↓↓↓

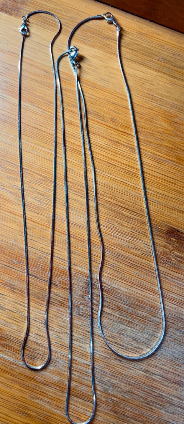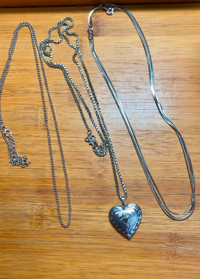 18Elevate your look instantly with this stunning, high-quality silver-tone set. The Bundle: • Heart Locket: Opens to hold a photo or a tiny momento. Features a very sturdy chain. - $25 • 4 sterling silver Chains: BRAND NEW, never worn, and anti-tarnish—they keep their shine! - $48 for 4, $12 each • One silver toned, long chain with clasp. (perfect for adding a locket) - $5 Perfect for layering or wearing individually. Individual prices listed above. Total valued at $80, selling the bundle for a discount at $65. Never worn before. Pickup only. Serious inquiries only.
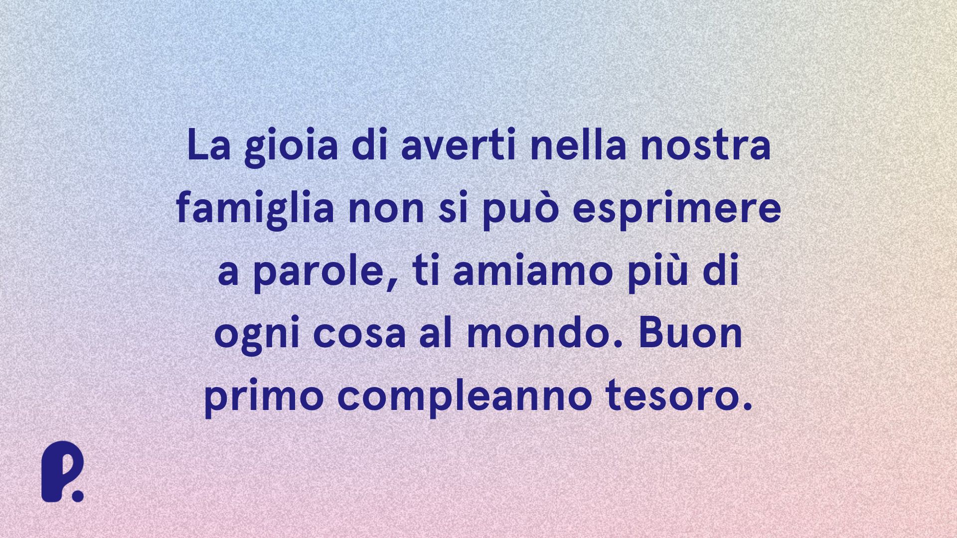 - Sei la luce che illumina il cammino di mamma e papà, e ti auguro di poter crescere sempre felice e sereno: buon primo compleanno!
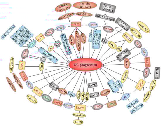 USPs constitute the largest family of human DUBs, with 56 members. As shown in Figure 2, at least 25 USPs are linked to GC.

↑↑↑

What is being asked:
The reply should contain every line of the material exactly, and no images.

Output:
 18Elevate your look instantly with this stunning, high-quality silver-tone set. The Bundle: • Heart Locket: Opens to hold a photo or a tiny momento. Features a very sturdy chain. - $25 • 4 sterling silver Chains: BRAND NEW, never worn, and anti-tarnish—they keep their shine! - $48 for 4, $12 each • One silver toned, long chain with clasp. (perfect for adding a locket) - $5 Perfect for layering or wearing individually. Individual prices listed above. Total valued at $80, selling the bundle for a discount at $65. Never worn before. Pickup only. Serious inquiries only.
 - Sei la luce che illumina il cammino di mamma e papà, e ti auguro di poter crescere sempre felice e sereno: buon primo compleanno!
 USPs constitute the largest family of human DUBs, with 56 members. As shown in Figure 2, at least 25 USPs are linked to GC.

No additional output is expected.